Athens has its eyes on Luxembourg this Thursday as a crucial meeting of eurozone finance ministers is expected to decide on Greek debt relief and what will happen the day after the bailout ends in August.
Greece has ratified the prerequisites for the fourth review of the bailout program. Eurozone finance ministers will decide if Athens has fully complied with the required economic reforms and is able to finance itself after the exit from the rescue program.
The Greek government appears confident that it will be able to “stand on its own feet” after the end of the aid program, as Prime Minister Alexis Tsipras has often declared. Its European creditors believe that the country has made progress in implementing needed reforms, but are skeptical whether the country can service its debt — currently at 180 percent of GDP — without aid.
Greek Finance Minister Euclid Tsakalotos said he believes that Greece can borrow from the markets after the end of the aid program as the upward turn of the economy can convince investors.
“We need a balanced compromise between all actors, ensuring growth and sustainable debt for the future. That means agreeing upfront measures to meaningfully lighten Greece’s debt burden, which must be put on a sustainable path,” Moscovici further said.

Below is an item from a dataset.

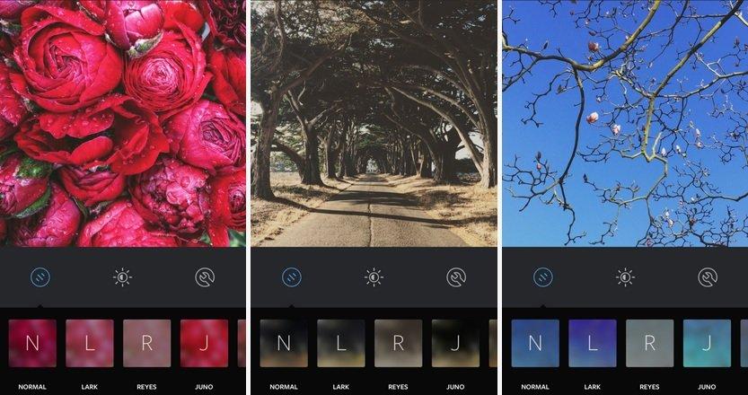 In particolare Lark permette di togliere saturazione al rosso, e migliorare la qualità dei verdi e dei blu; Reyes fornisce un look vintage quasi polveroso; e infine Juno aumenta la temperatura del bianco, rendendo le foto più vibranti.

According to Reuters, eurozone ministers will consider extending maturities and grace periods by up to 15 years on the €130 billion ($150 billion) Greece has borrowed under its second bailout.
They are also considering the return to Athens of profits made by eurozone central banks on their Greek bond holdings, buying out more expensive loans from the International Monetary Fund and Greek debt held by the Eurosystem of central banks.
However, to ensure that Greece will not reverse unpopular reforms in the future, the debt easing measures are linked to the compliance of Greek governments with agreed policies.
What is certain about Thursday’s Eurogroup is the decision on the post-bailout program surveillance. The supervision will be strict, as the progress of reforms will be monitored every three months, instead of every four months currently. European institutions emphasize that both the continuity and the consistency of reforms should be ensured.